● **Data excerpts**:

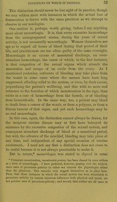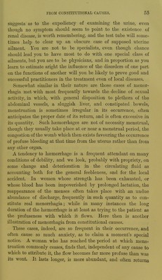 ![Any sudden shock, either acting locally on the uterine organs, as the application of cold to the vulva, or through the medium of the general system, as when a person gets wet-footed, or suffers during menstruation from exposure to wet or cold, will often check the menstrual flux. In many of these cases, too, the sudden arrest of the discharge is followed by extreme uterine pain and tenderness, by all the symptoms of intense uterine congestion, sometimes, indeed, by actual uterine inflammation. The mind, too, reacts upon the body, as we see perpetually illustrated in the case even of those functions that might be supposed most independent of its influence, and many instances might be related of sudden grief, or fear, or anger, at once arresting the menstrual discharge. But other causes acting through the mind tend, though less suddenly, to diminish the activity of the sexual functions, to lessen and at last to put a stop to menstruation; and a French physician, M. Pidoux,* notices this as a not infrequent occurrence among members of Eoman Catholic sisterhoods. That, however, which it imports us more to bear in mind is, that in young girls in whom menstruation has been but recently established, a return to school or a resumption of lessons at home is not very seldom followed by an interruption of the function. The accident is in many cases due entirely to the intellectual effort, not to the want of physical care; and this is shown by the fact that the mere removal from school, unless accompanied with the discontinuance of study, will not suffice to remove the amenorrhcea. But various though its causes may be, yet the treatment of suppression of the menses rests for the most part on very simple principles, and those the same in almost all instances. Two points require attention; first, to re-excite menstruation at once, if possible; second, to provide for its] re-establishment when the proper period once more comes round. If the hot hip or foot bath, or a warm bath, bed, and a cordial or diaphoretic, fail to reproduce the menses when suddenly checked by cold, or by any other cause, we must wait patiently till the next menstrual period comes round, unless indeed urgent symptoms supervene, betoken- ing great congestion, or inflammation of the uterus, and they may * Quoted by M. Martineau, in his Trait4 Clinique des Affections do V Uterus, 8vo, 1878, p. 41.](https://iiif.wellcomecollection.org/image/b21923796_0067.jp2/full/800%2C/0/default.jpg)
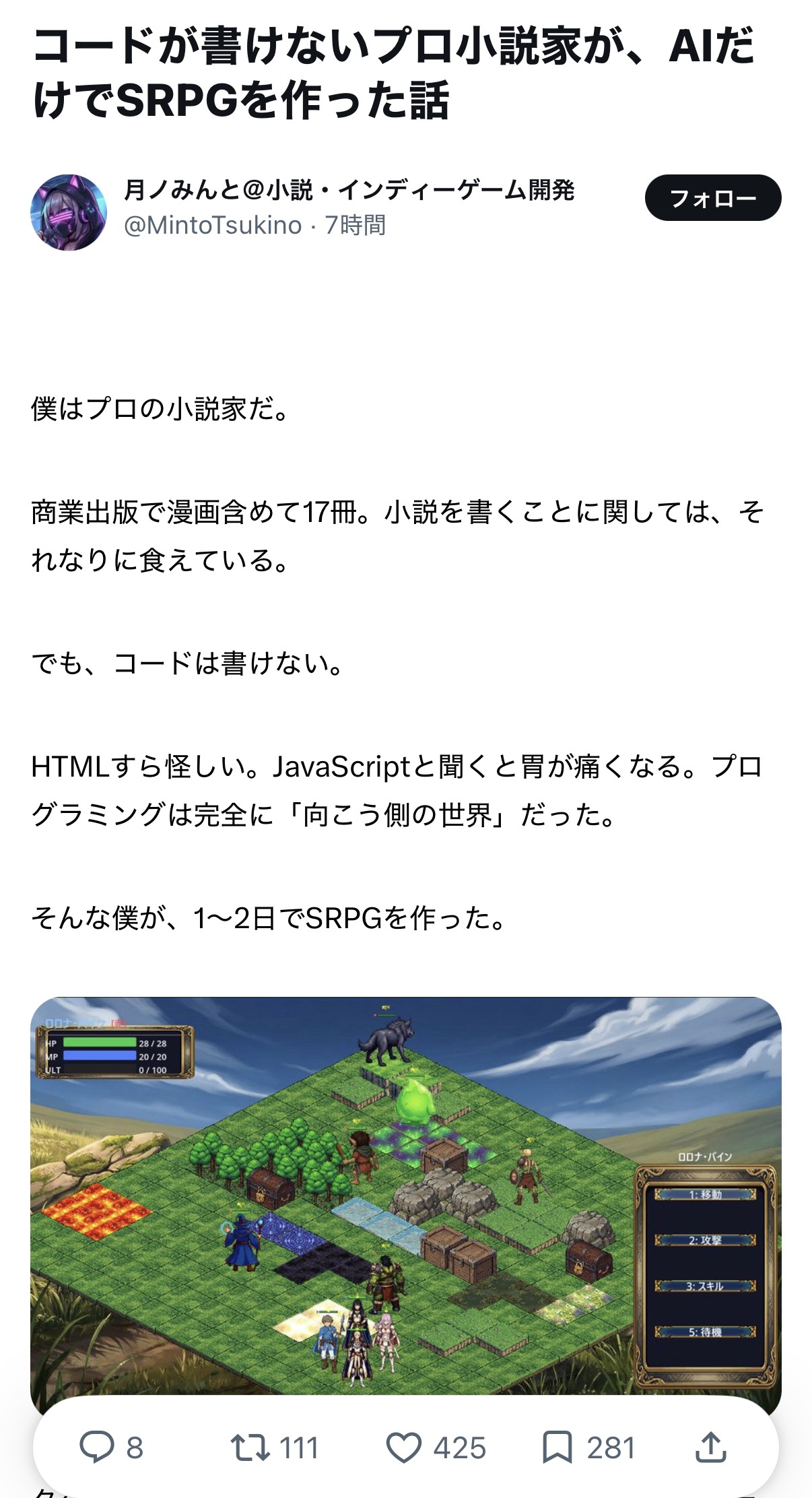 | … | 46326/03/07(土)19:45:56No.1408555455+>noteはプログラミングできない僕がAIとゲーム作ってみた日記だらけで笑う |
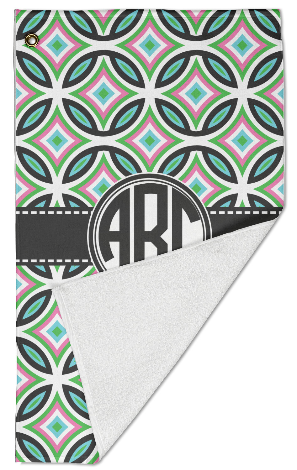 The towel is fully printed / patterned on the front polyester side; and is white on terrycloth cotton backside. The towel has grommet and a pear spring clip in the top left corner. Our golf towels are available in 100s of different prints and patterns.
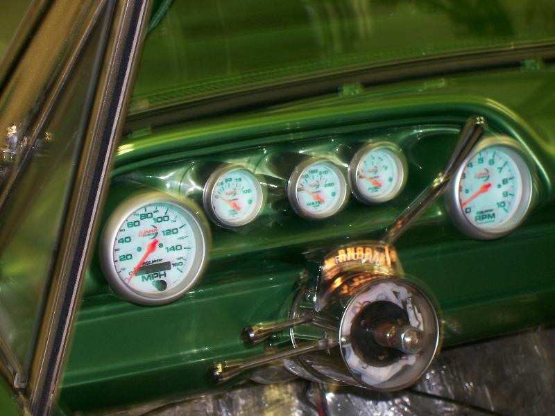 tan leather shaved dash custum maid gauge pod flaming river polished stainless tilt stering colume with a boyd turbine sterring wheele
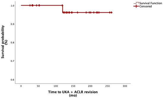 Of the thirty-four patients included, only one (2.9%)—who belonged to the UKA + primary ACLR subgroup—ultimately underwent revision surgery 10 years after the index procedure and was converted to TKA. This corresponds to a survival rate of 97.1% at a mean follow-up of 11 years.

● **Work request**:
Print every record exactly, without the pictures.

● **Reply to the task**:
 ![Any sudden shock, either acting locally on the uterine organs, as the application of cold to the vulva, or through the medium of the general system, as when a person gets wet-footed, or suffers during menstruation from exposure to wet or cold, will often check the menstrual flux. In many of these cases, too, the sudden arrest of the discharge is followed by extreme uterine pain and tenderness, by all the symptoms of intense uterine congestion, sometimes, indeed, by actual uterine inflammation. The mind, too, reacts upon the body, as we see perpetually illustrated in the case even of those functions that might be supposed most independent of its influence, and many instances might be related of sudden grief, or fear, or anger, at once arresting the menstrual discharge. But other causes acting through the mind tend, though less suddenly, to diminish the activity of the sexual functions, to lessen and at last to put a stop to menstruation; and a French physician, M. Pidoux,* notices this as a not infrequent occurrence among members of Eoman Catholic sisterhoods. That, however, which it imports us more to bear in mind is, that in young girls in whom menstruation has been but recently established, a return to school or a resumption of lessons at home is not very seldom followed by an interruption of the function. The accident is in many cases due entirely to the intellectual effort, not to the want of physical care; and this is shown by the fact that the mere removal from school, unless accompanied with the discontinuance of study, will not suffice to remove the amenorrhcea. But various though its causes may be, yet the treatment of suppression of the menses rests for the most part on very simple principles, and those the same in almost all instances. Two points require attention; first, to re-excite menstruation at once, if possible; second, to provide for its] re-establishment when the proper period once more comes round. If the hot hip or foot bath, or a warm bath, bed, and a cordial or diaphoretic, fail to reproduce the menses when suddenly checked by cold, or by any other cause, we must wait patiently till the next menstrual period comes round, unless indeed urgent symptoms supervene, betoken- ing great congestion, or inflammation of the uterus, and they may * Quoted by M. Martineau, in his Trait4 Clinique des Affections do V Uterus, 8vo, 1878, p. 41.](https://iiif.wellcomecollection.org/image/b21923796_0067.jp2/full/800%2C/0/default.jpg)
 | … | 46326/03/07(土)19:45:56No.1408555455+>noteはプログラミングできない僕がAIとゲーム作ってみた日記だらけで笑う |
 The towel is fully printed / patterned on the front polyester side; and is white on terrycloth cotton backside. The towel has grommet and a pear spring clip in the top left corner. Our golf towels are available in 100s of different prints and patterns.
 tan leather shaved dash custum maid gauge pod flaming river polished stainless tilt stering colume with a boyd turbine sterring wheele
 Of the thirty-four patients included, only one (2.9%)—who belonged to the UKA + primary ACLR subgroup—ultimately underwent revision surgery 10 years after the index procedure and was converted to TKA. This corresponds to a survival rate of 97.1% at a mean follow-up of 11 years.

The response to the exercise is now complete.